Now, go on to the tries/found ratio (third column), which is the most interesting. When we reach 100%, it is ~4.7. In the first case it was 4.2. But let's look at some other milestones: when we reach 68%, this ratio is 1.62 and 1.69 in the first and second case, respectively; at 84%, 2.14 and 2.25. You see, this is quite constant. Of course, there are larger differences in the last percents, and even 100% doesn't mean you've got each and every items. But, after x tries, you can count how many distinct items you have, and can make a guess on how much of the total corpus you've discovered.
Math conjecture
Given n total items and x tries, the probability of finding k distinct items is Pr(k|n, x) = P(n, k) × S2(x, k) ÷ nx where 1 <= k <= n, x.
Therefore, argmaxk Pr(k|n, x) occurs when [S2(x, k-1) ÷ S2(x, k)]+(k-1) <= n <= [S2(x, k) ÷ S2(x, k+1)]+k.
Too hard to simplify further and relate the result to the x/k ratio.
Conclusion
So, if you need to do such a discovery, make x tries, then count the distinct items, that is k, and calculate x/k. Then find the ratio nearest to it in one of the preceding tables, and then you get an approximation of what percentage of all items you've discovered.
We could also learn that if we want to discover almost all the items, we need to push that random button at least three times more than the actual number of items, but doesn't worth more than five times that many tries. However, twice the number of items still gives a fair result.

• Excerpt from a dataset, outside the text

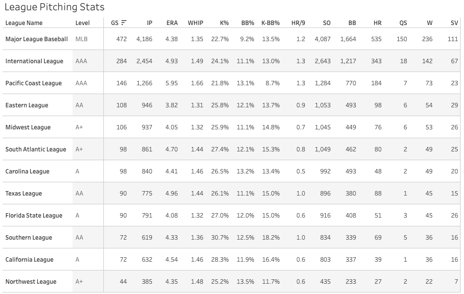 Let’s check out pitching stats by league since we now have had more than a week of games at every level:

An example: a run of 94,836 successful queries on kepkezelo.com gave 40,418 distinct items. The x/k ratio is 2.35. According to the second table, that means ~86% of the items has been discovered. Thus, the total number of items is around 47,000, and we can expect that after such another run we'd have ~98% of them.